- [The problem]:
From the listing below, output the lines between the one with "圖1 鋰電池液態/固態電解質比較" and the one with "Safety: Fogged-up lenses", including those two, and nothing else. Pictures are not copied.

- [Data under study]:
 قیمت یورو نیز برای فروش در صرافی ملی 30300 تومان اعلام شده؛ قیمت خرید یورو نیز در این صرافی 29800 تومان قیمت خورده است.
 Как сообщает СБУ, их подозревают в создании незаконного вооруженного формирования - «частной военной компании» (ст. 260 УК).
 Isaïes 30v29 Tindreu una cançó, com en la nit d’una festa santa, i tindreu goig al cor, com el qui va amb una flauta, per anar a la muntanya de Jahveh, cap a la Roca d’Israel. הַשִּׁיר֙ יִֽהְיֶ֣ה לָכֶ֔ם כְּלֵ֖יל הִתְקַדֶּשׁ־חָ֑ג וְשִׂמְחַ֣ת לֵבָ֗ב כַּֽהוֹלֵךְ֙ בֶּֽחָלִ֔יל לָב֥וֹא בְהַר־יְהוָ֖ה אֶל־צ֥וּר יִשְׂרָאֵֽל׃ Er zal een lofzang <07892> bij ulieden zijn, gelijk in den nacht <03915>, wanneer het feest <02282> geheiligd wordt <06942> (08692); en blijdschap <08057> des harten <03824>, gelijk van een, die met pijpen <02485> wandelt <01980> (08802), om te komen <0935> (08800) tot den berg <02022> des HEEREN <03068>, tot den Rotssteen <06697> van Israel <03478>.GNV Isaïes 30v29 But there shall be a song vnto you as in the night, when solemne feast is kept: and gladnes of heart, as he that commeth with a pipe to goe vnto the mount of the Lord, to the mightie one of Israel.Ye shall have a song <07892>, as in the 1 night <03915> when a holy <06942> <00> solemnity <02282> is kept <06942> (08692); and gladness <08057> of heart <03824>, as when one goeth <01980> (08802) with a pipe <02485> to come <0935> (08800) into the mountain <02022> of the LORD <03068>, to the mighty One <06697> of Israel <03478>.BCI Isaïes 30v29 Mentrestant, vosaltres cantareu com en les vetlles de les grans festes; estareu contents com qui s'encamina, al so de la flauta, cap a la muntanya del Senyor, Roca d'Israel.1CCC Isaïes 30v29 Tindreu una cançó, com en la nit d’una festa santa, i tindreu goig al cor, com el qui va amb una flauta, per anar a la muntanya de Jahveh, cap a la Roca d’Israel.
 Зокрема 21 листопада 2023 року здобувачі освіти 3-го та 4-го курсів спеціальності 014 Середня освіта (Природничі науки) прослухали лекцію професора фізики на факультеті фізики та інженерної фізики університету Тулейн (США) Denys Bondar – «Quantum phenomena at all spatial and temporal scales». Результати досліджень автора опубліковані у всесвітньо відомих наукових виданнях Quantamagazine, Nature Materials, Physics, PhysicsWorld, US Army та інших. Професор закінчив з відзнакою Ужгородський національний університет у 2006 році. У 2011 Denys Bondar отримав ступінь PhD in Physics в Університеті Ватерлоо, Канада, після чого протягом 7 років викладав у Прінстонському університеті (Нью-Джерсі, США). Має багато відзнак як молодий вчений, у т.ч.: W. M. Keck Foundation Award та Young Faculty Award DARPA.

---

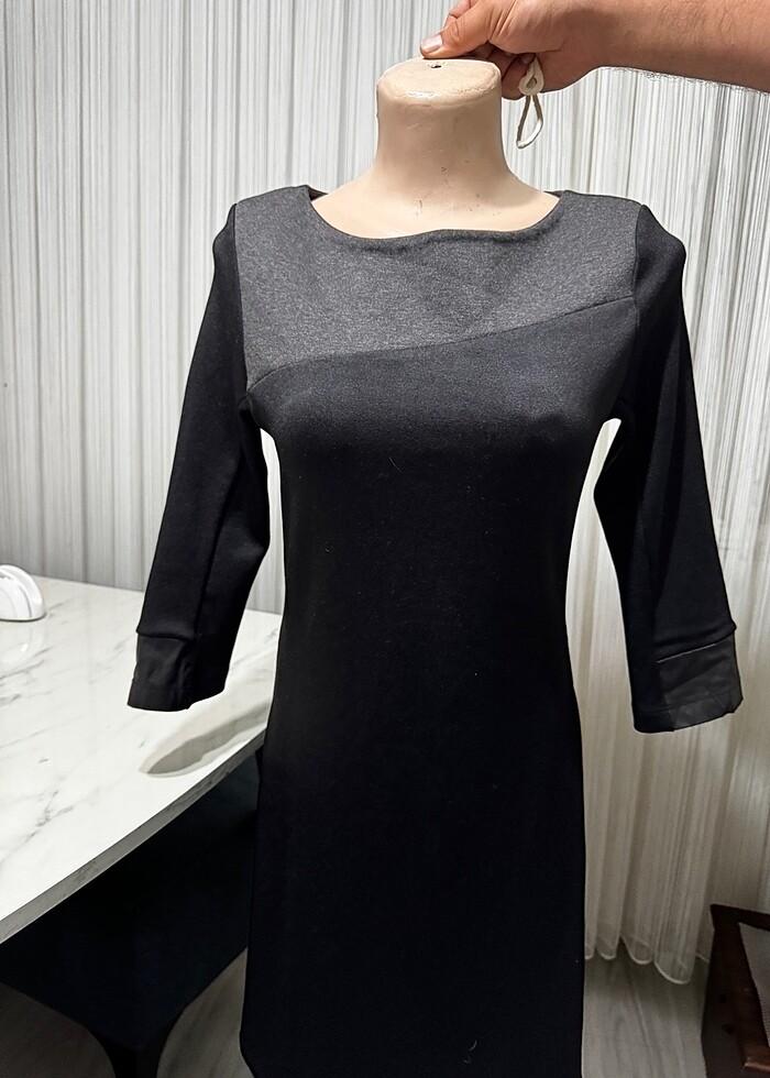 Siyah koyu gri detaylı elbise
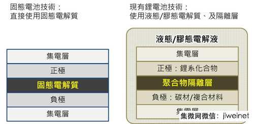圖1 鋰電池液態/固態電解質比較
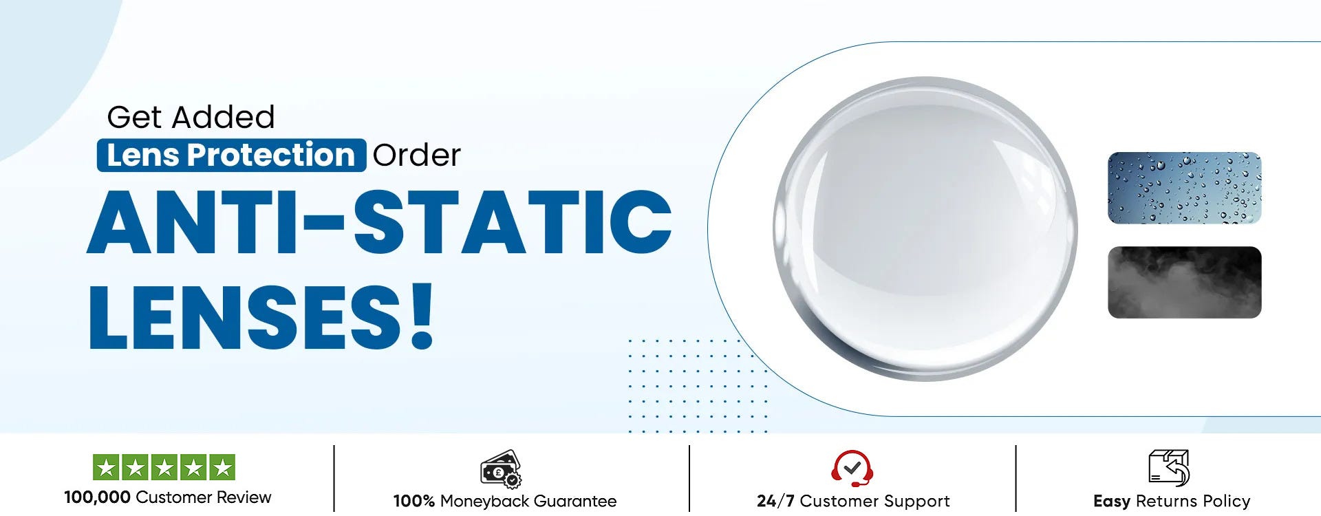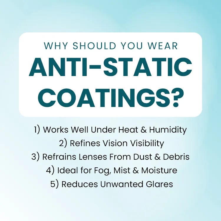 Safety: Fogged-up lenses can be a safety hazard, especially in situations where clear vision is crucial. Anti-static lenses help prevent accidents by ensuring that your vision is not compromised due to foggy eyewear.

- [Result]:
圖1 鋰電池液態/固態電解質比較
 Safety: Fogged-up lenses can be a safety hazard, especially in situations where clear vision is crucial. Anti-static lenses help prevent accidents by ensuring that your vision is not compromised due to foggy eyewear.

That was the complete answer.